↓↓↓
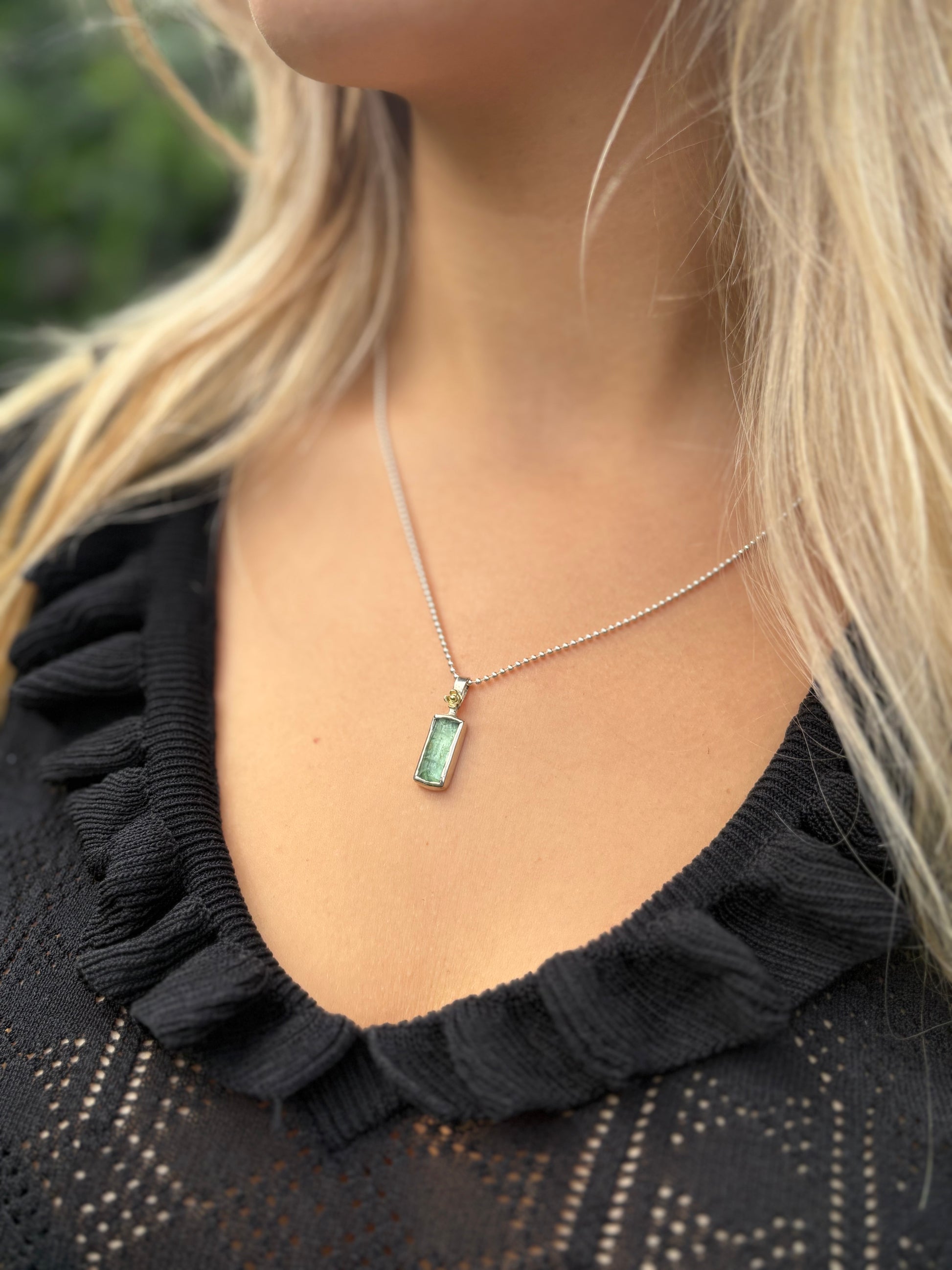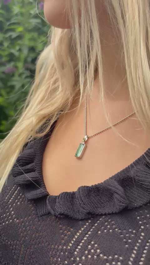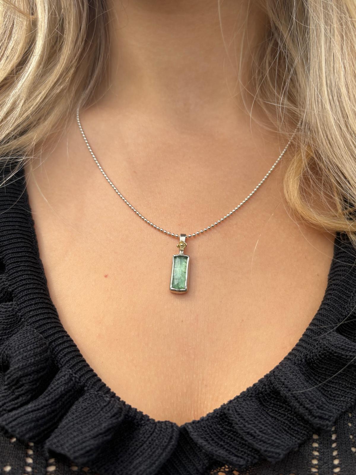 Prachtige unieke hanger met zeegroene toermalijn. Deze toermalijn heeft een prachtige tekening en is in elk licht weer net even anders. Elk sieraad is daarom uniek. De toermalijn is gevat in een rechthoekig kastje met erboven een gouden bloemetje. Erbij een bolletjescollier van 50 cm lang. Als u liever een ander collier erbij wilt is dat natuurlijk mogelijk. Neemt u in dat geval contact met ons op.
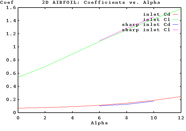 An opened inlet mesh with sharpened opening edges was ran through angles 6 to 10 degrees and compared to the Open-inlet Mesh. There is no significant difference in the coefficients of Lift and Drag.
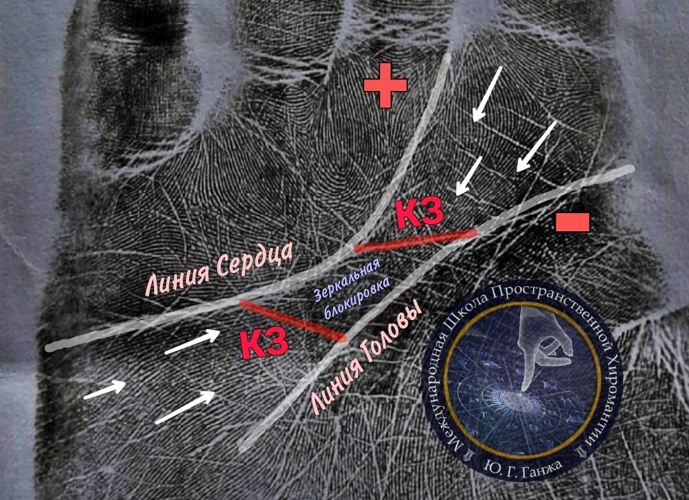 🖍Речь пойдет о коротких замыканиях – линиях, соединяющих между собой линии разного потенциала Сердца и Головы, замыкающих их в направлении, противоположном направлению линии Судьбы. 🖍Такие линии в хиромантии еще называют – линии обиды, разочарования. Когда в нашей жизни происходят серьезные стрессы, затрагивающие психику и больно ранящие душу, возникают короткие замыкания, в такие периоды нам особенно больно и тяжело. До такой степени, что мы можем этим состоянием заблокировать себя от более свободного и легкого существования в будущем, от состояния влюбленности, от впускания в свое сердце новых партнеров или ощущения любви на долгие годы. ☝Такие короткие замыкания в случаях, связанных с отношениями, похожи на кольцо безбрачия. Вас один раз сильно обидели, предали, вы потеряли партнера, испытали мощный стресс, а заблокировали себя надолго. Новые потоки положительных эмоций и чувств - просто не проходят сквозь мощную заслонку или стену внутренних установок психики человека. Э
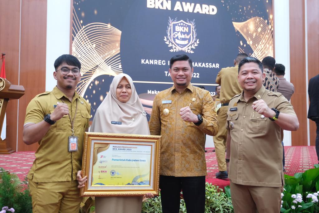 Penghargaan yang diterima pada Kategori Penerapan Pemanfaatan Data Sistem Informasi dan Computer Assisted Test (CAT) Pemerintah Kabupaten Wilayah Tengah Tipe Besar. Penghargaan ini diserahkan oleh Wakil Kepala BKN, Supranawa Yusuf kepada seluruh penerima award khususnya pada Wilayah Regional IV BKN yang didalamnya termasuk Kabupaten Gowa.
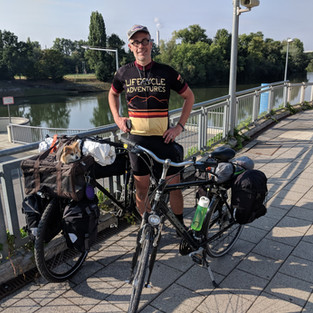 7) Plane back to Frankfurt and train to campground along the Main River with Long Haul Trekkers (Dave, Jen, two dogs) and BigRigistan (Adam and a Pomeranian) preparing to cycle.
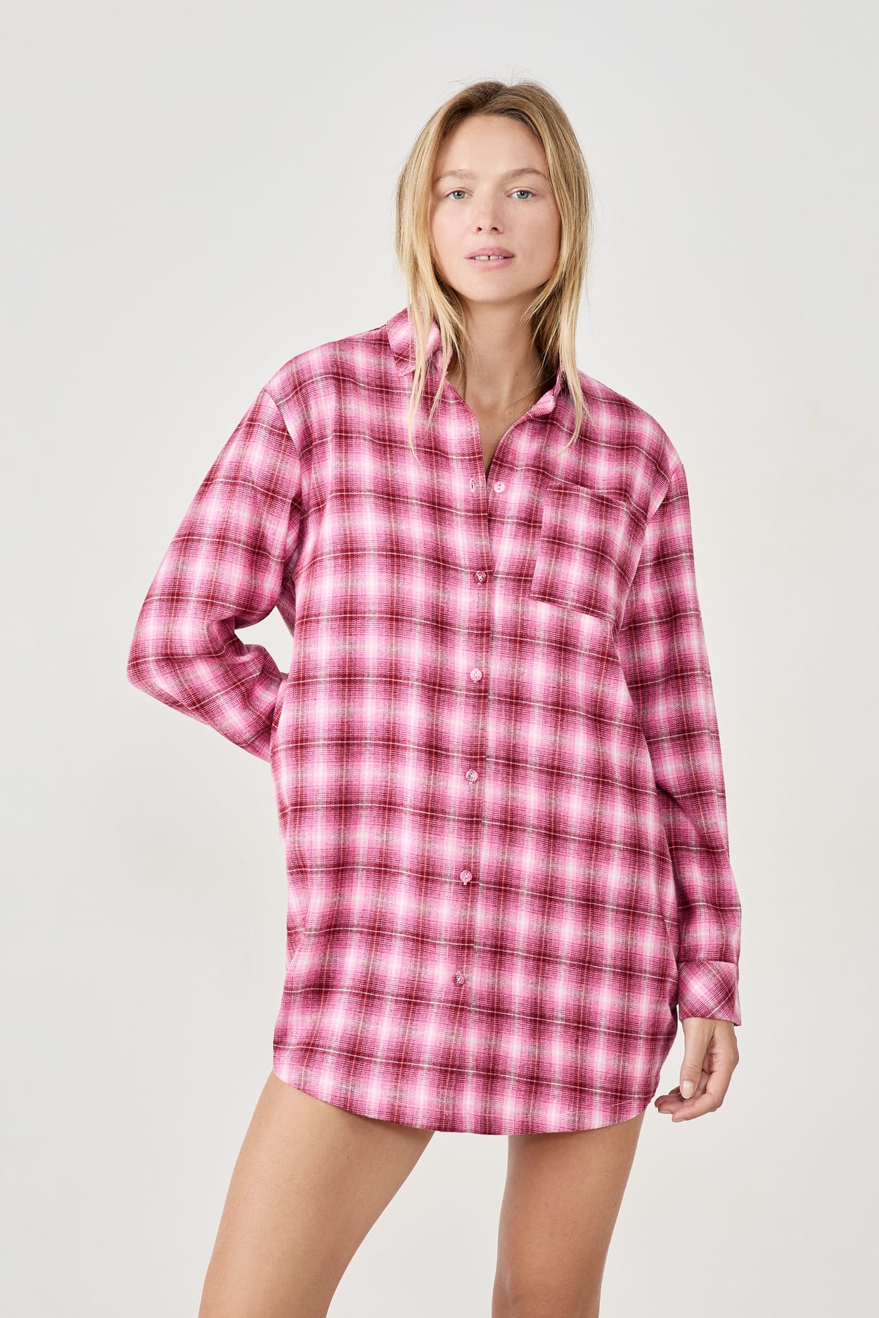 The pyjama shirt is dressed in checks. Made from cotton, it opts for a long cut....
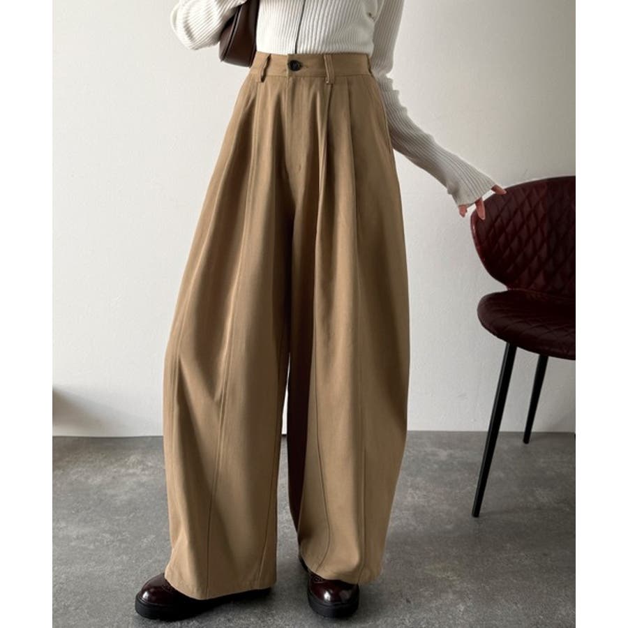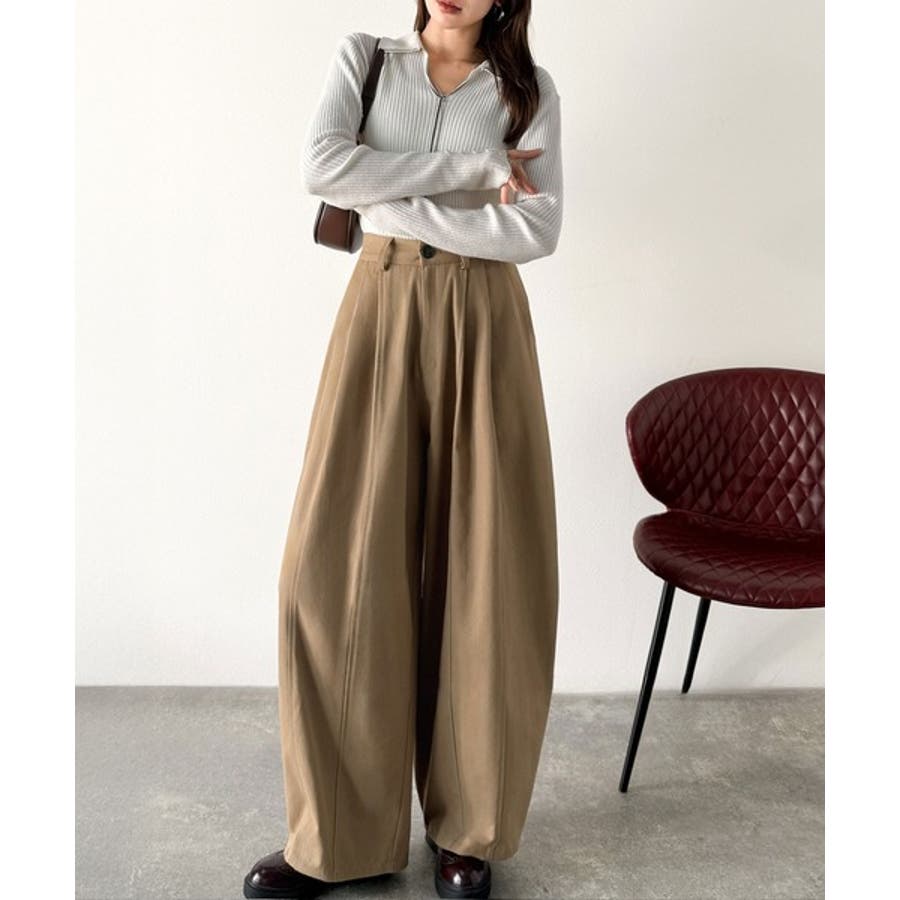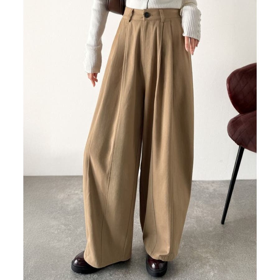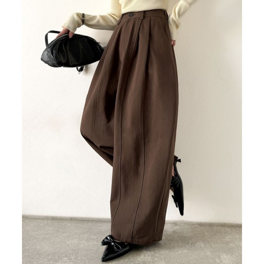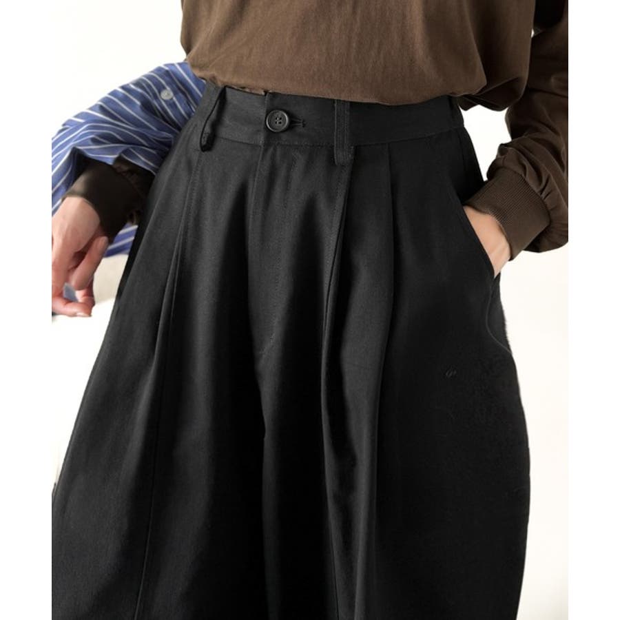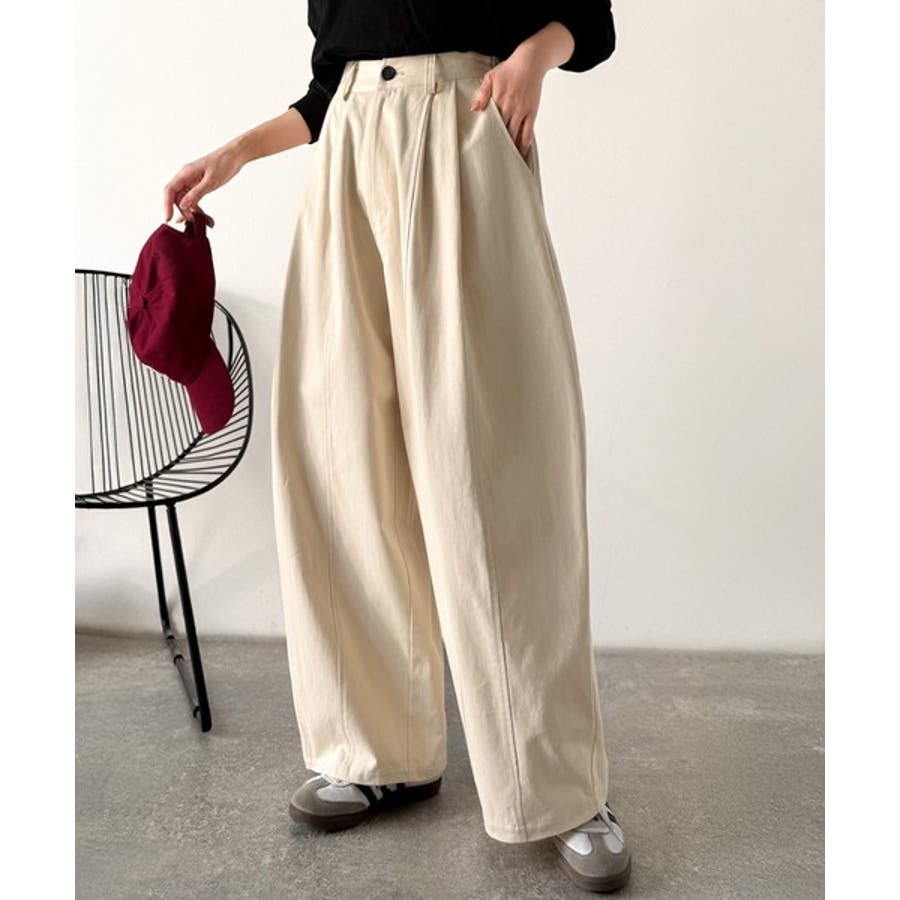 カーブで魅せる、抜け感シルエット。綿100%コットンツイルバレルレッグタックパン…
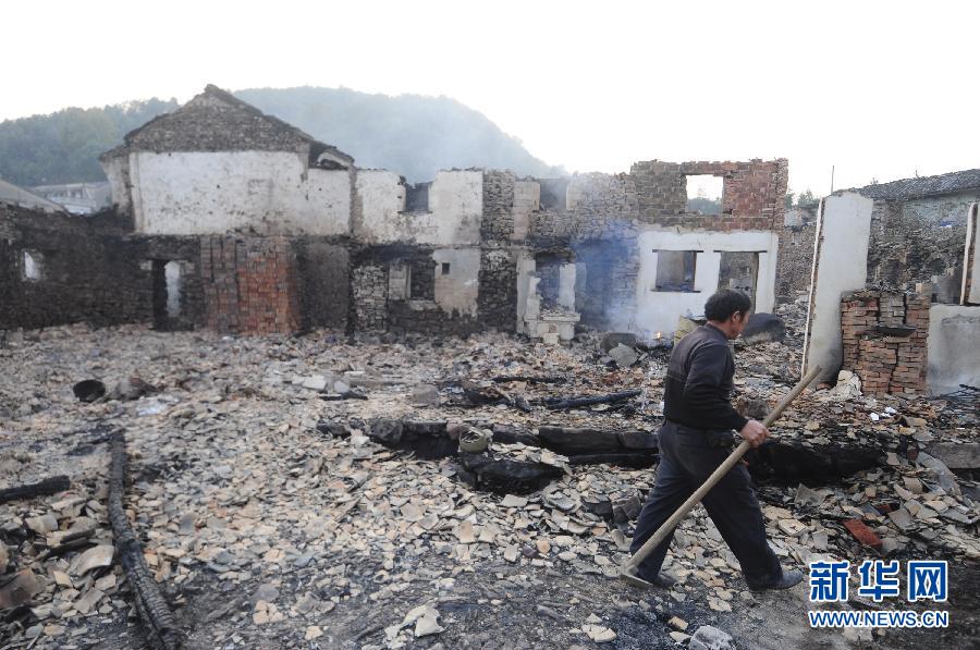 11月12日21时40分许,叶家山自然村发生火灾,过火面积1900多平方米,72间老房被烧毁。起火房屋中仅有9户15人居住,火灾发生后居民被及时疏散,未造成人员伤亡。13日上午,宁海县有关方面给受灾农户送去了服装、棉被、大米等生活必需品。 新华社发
↑↑↑
### Work instructions
Return exactly, and only, the lines that run from the line containing "The pyjama shirt" to the last line of the entries above, both ends included, with pictures left out.

### Answer box
 The pyjama shirt is dressed in checks. Made from cotton, it opts for a long cut....
 カーブで魅せる、抜け感シルエット。綿100%コットンツイルバレルレッグタックパン…
 11月12日21时40分许,叶家山自然村发生火灾,过火面积1900多平方米,72间老房被烧毁。起火房屋中仅有9户15人居住,火灾发生后居民被及时疏散,未造成人员伤亡。13日上午,宁海县有关方面给受灾农户送去了服装、棉被、大米等生活必需品。 新华社发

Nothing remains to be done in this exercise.